Saved data entries
+++

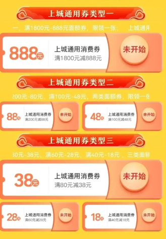 消费券面额设定为满1800元减888元、满200元减88元、满100元减48元、满80元减38元、满60元减28元、40元减18元,随机抽取。
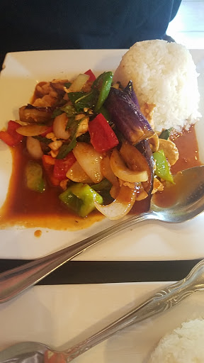Excellent meal tonight. The green curry grilled salmon dish and Tom ka soup were delicious and seasoned well without being in-your-face spicy. The wait staff are very friendly. Because one of the reviewers commented on how long it took for his food to be ready, I couldnt help notice all the take-out orders. Six separate customers came in and their food was waiting when they arrived. None had to wait. They were all happy. The only reason for 4 stars, not 5, is that the television ruined the lovely ambiance of the dining room.
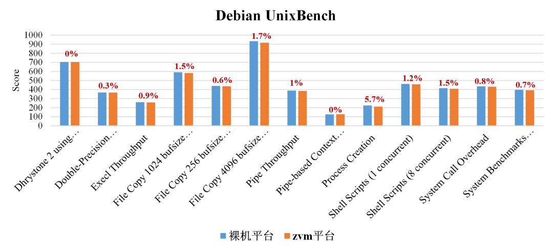 测试结果如上图所示,横坐标为各项基准测试项,纵坐标各个基准项的评分(Score数值)。测试结果显示,相比于裸机平台,ZVM上运行Debian的Process Creation测试项所引入的性能损耗最大(5.7%),其余项的性能损耗都在2%以内。ZVM和裸机对比,基准指数分数上的开销损耗仅为0.7%。说明ZVM上运行Debian的性能达到了裸机平台的99.3%,基本可以忽略不计。
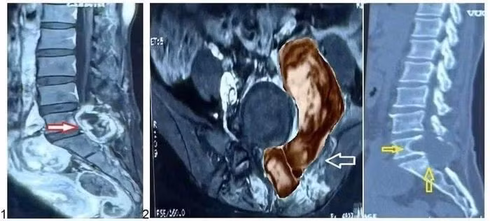 Kết quả chụp MRI tại Bệnh viện Nhân dân 115 cho thấy khối u lớn vùng L5-S1, xâm lấn cơ cạnh sống, cánh chậu và phúc mạc, đúng vị trí phẫu thuật cũ - nghi ngờ ác tính.
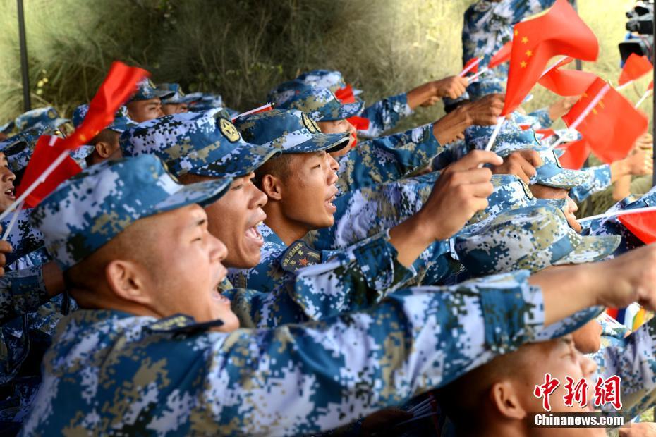 8月2日,“国际军事比赛-2018”海上登陆赛举行了求生赛第一轮比赛,中国、伊朗、俄罗斯、委内瑞拉4个国家共7个陆战班,依次完成4公里武装越野、通过障碍、班战斗射击等比赛课目。经过第一轮比拼,目前中国队2班、3班分别以28分39秒、30分57秒的成绩暂居前2名。图为中国士兵为各国参赛队加油。中新社记者 王东明 摄
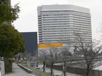 鉄板焼き「けやき」が入っているホテル・ニューオータニ大阪と手前の黄色い建物が大阪MBS劇場です。 |
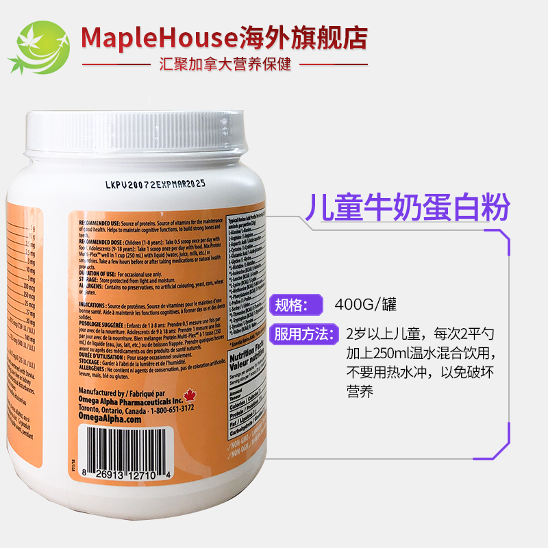 多维营养粉维生素粉 Alpha 香草味 加拿大直邮Omega 儿童蛋白粉
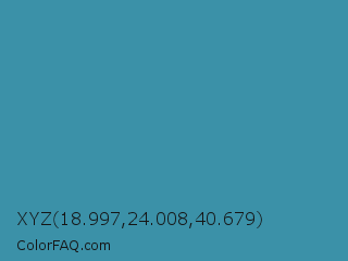 XYZ 18.997,24.008,40.679 Color is a normal cyan color and the nearest color is Boston Blue #3b91b4. Hex code #3b91a8 and RGB value is rgb(59,145,168). In RGB color space, this color is composed of 23% red, 57% green, 66% blue, In CMYK color space, this color is composed of 65% cyan, 14% magenta, 0% yellow , 34% black , In HSL color space, this color has a hue angle of 193° , 48% saturation and 45% lightness.
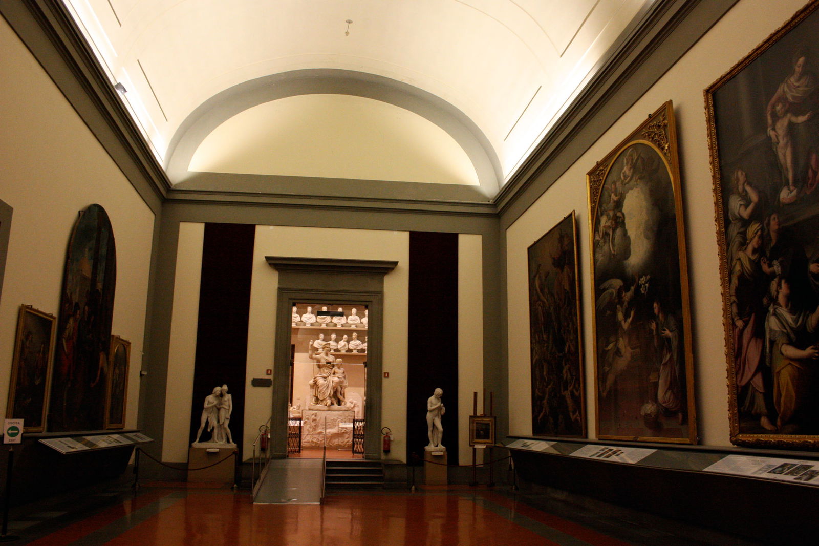 Accanto a questi tre dipinti di grosso formato ecco la soglia dell’antico cuore della galleria. Nel 1784 il Granduca di Toscana Pietro Leopoldo di Lorena coverti’ l’antico ospedale di San Marco e convento di san Niccolò di Cafaggio in ambiente di studio dove conferire modelli di opere d’arte per studenti, fondando l’Accademia di Belle Arti. Nell’antica ala dell’ospedale che era utilizzata come corsia delle donne sorge adesso la Gipsoteca Bartolini, dedicata ai modelli in gesso creati dall’artista ottocentesco e professore dell’Accademia Lorenzo Bartolini.

+++

Exactly reproduce the lines above, starting at the one that contains "测试结果如上图所示,横坐标为" and ending at the one that contains "XYZ 18.997,24.008,40.679 Color", both inclusive; leave the pictures out and add no other lines.

 测试结果如上图所示,横坐标为各项基准测试项,纵坐标各个基准项的评分(Score数值)。测试结果显示,相比于裸机平台,ZVM上运行Debian的Process Creation测试项所引入的性能损耗最大(5.7%),其余项的性能损耗都在2%以内。ZVM和裸机对比,基准指数分数上的开销损耗仅为0.7%。说明ZVM上运行Debian的性能达到了裸机平台的99.3%,基本可以忽略不计。
 Kết quả chụp MRI tại Bệnh viện Nhân dân 115 cho thấy khối u lớn vùng L5-S1, xâm lấn cơ cạnh sống, cánh chậu và phúc mạc, đúng vị trí phẫu thuật cũ - nghi ngờ ác tính.
 8月2日,“国际军事比赛-2018”海上登陆赛举行了求生赛第一轮比赛,中国、伊朗、俄罗斯、委内瑞拉4个国家共7个陆战班,依次完成4公里武装越野、通过障碍、班战斗射击等比赛课目。经过第一轮比拼,目前中国队2班、3班分别以28分39秒、30分57秒的成绩暂居前2名。图为中国士兵为各国参赛队加油。中新社记者 王东明 摄
 鉄板焼き「けやき」が入っているホテル・ニューオータニ大阪と手前の黄色い建物が大阪MBS劇場です。 |
 多维营养粉维生素粉 Alpha 香草味 加拿大直邮Omega 儿童蛋白粉
 XYZ 18.997,24.008,40.679 Color is a normal cyan color and the nearest color is Boston Blue #3b91b4. Hex code #3b91a8 and RGB value is rgb(59,145,168). In RGB color space, this color is composed of 23% red, 57% green, 66% blue, In CMYK color space, this color is composed of 65% cyan, 14% magenta, 0% yellow , 34% black , In HSL color space, this color has a hue angle of 193° , 48% saturation and 45% lightness.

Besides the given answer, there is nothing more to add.